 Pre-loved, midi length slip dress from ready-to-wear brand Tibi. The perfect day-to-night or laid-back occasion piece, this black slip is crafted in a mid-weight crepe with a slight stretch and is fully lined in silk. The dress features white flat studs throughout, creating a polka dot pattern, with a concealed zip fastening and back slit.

....................

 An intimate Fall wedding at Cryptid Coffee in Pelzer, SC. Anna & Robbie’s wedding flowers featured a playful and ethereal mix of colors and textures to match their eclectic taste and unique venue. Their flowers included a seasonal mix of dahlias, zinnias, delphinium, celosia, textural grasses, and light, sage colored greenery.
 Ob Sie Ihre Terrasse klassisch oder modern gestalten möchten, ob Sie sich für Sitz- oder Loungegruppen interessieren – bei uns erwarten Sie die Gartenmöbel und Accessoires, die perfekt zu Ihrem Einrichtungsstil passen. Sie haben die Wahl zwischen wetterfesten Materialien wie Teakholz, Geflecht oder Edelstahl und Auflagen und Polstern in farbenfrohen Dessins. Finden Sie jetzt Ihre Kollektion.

....................

Using the entries above, repeat only the lines from the one containing "An intimate Fall" through the one containing "Ob Sie Ihre", end lines included.

RESULT >>
 An intimate Fall wedding at Cryptid Coffee in Pelzer, SC. Anna & Robbie’s wedding flowers featured a playful and ethereal mix of colors and textures to match their eclectic taste and unique venue. Their flowers included a seasonal mix of dahlias, zinnias, delphinium, celosia, textural grasses, and light, sage colored greenery.
 Ob Sie Ihre Terrasse klassisch oder modern gestalten möchten, ob Sie sich für Sitz- oder Loungegruppen interessieren – bei uns erwarten Sie die Gartenmöbel und Accessoires, die perfekt zu Ihrem Einrichtungsstil passen. Sie haben die Wahl zwischen wetterfesten Materialien wie Teakholz, Geflecht oder Edelstahl und Auflagen und Polstern in farbenfrohen Dessins. Finden Sie jetzt Ihre Kollektion.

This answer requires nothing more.